What is expected |
Scan the material below for the word "will", then copy every line in which it appears.
Data for analysis: Begin
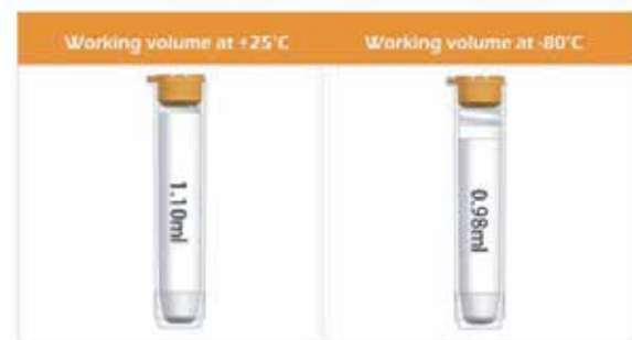
Working volume is 0.98 ml or larger depending on temperature.
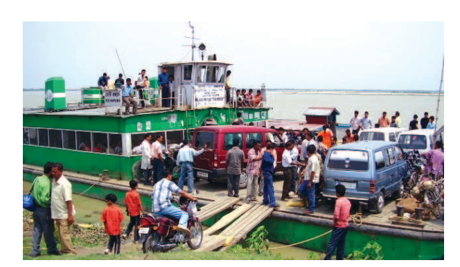
Fig. 7.5: Inland waterways widely used in north-eastern states
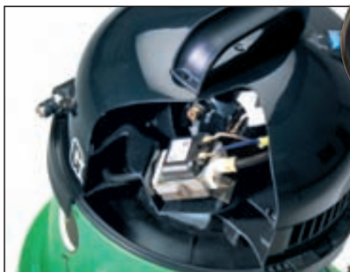
Powerflo' Pump System
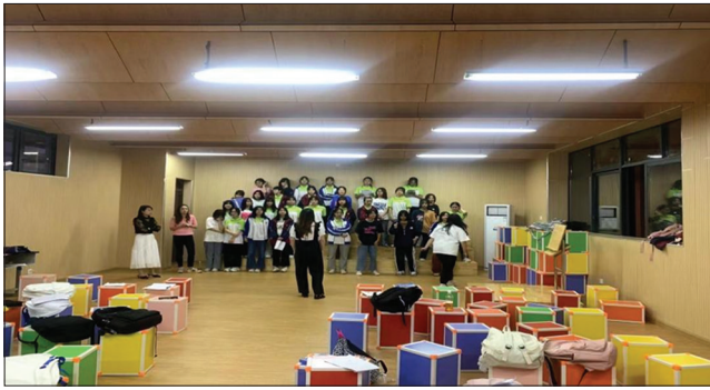
Figure 2. Students' chorus of Youyang folk songs
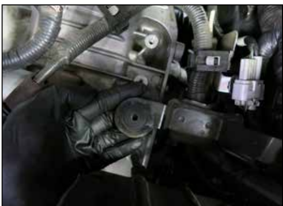
10. The 1/2" and 1" rubber mounted studs will be assembled in the order shown onto the air filter housing mounting points.
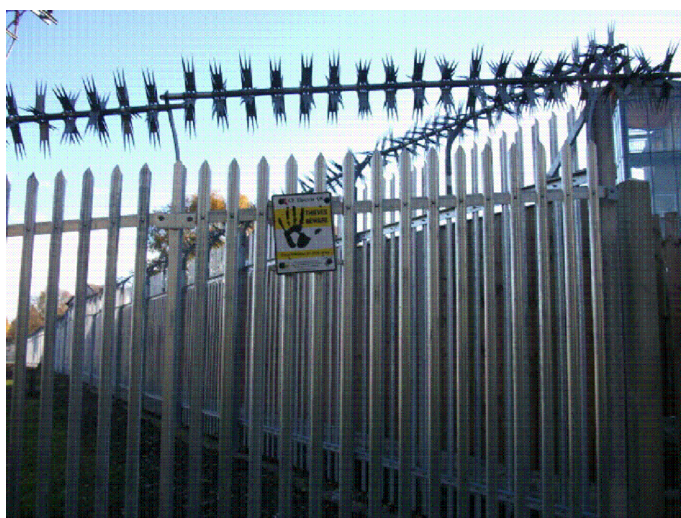
ANTI VANDAL CLIMB BARRIERS

The signs will be Hi Visibility 150 x 200mm and manufactured from UV stabilised plastic material they will be mechanically fixed with anti – clutch screws direct to the wall or by using metal brackets for fencing these should be on each elevation at high level with a minimum spacing of 10m on walls and on non Statuary Regulation fencing.
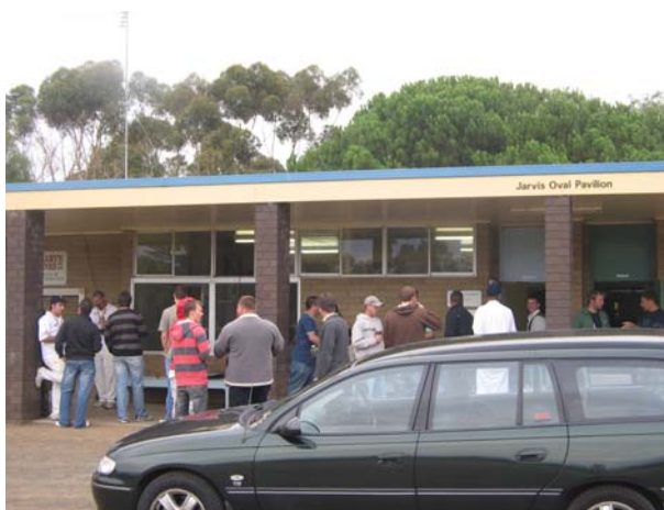
A Gathering outside the Jarvis Oval Pavilion after the Premiership success on Sunday arvo.
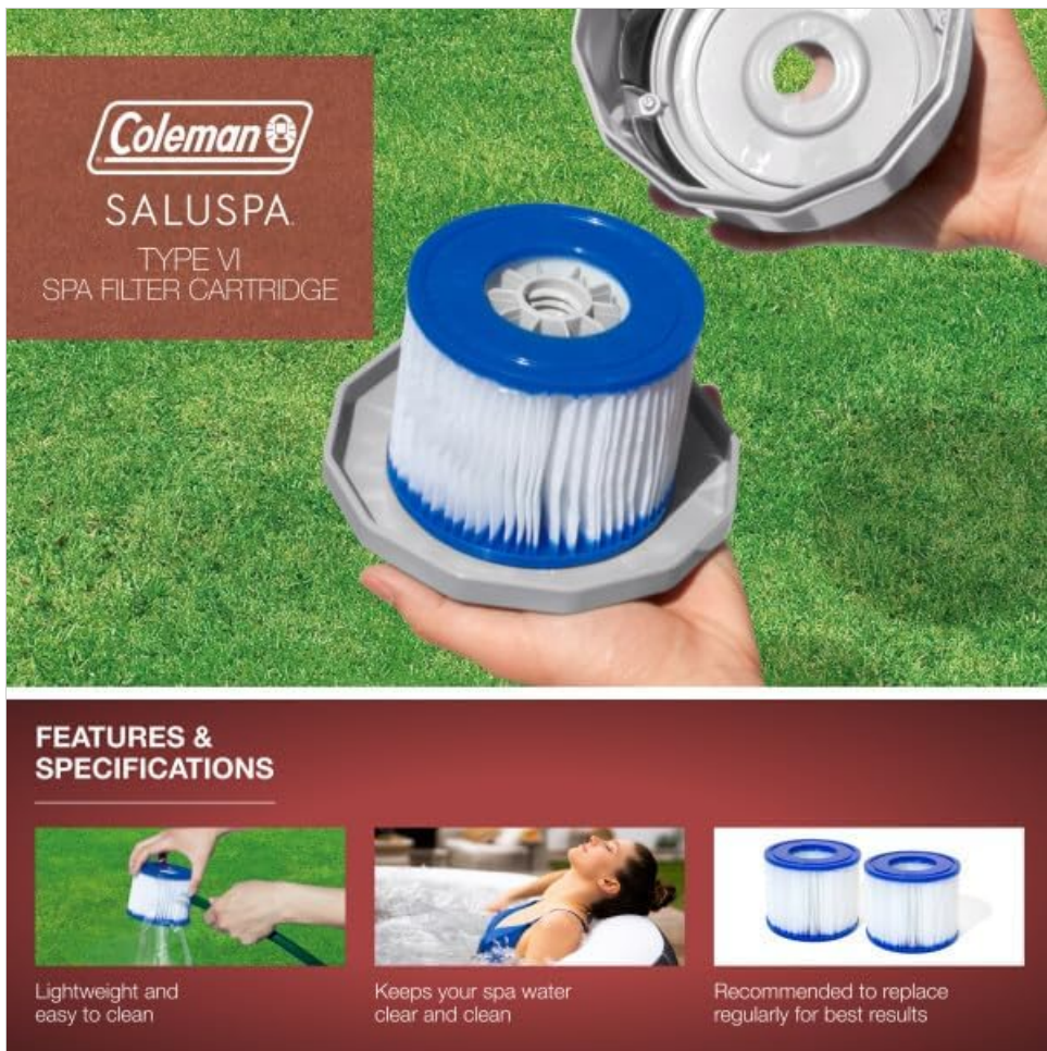
Image: Filter cartridge held in hand, ready for cleaning or replacement.
Data for analysis: End
Answer box |
10. The 1/2" and 1" rubber mounted studs will be assembled in the order shown onto the air filter housing mounting points.
The signs will be Hi Visibility 150 x 200mm and manufactured from UV stabilised plastic material they will be mechanically fixed with anti – clutch screws direct to the wall or by using metal brackets for fencing these should be on each elevation at high level with a minimum spacing of 10m on walls and on non Statuary Regulation fencing.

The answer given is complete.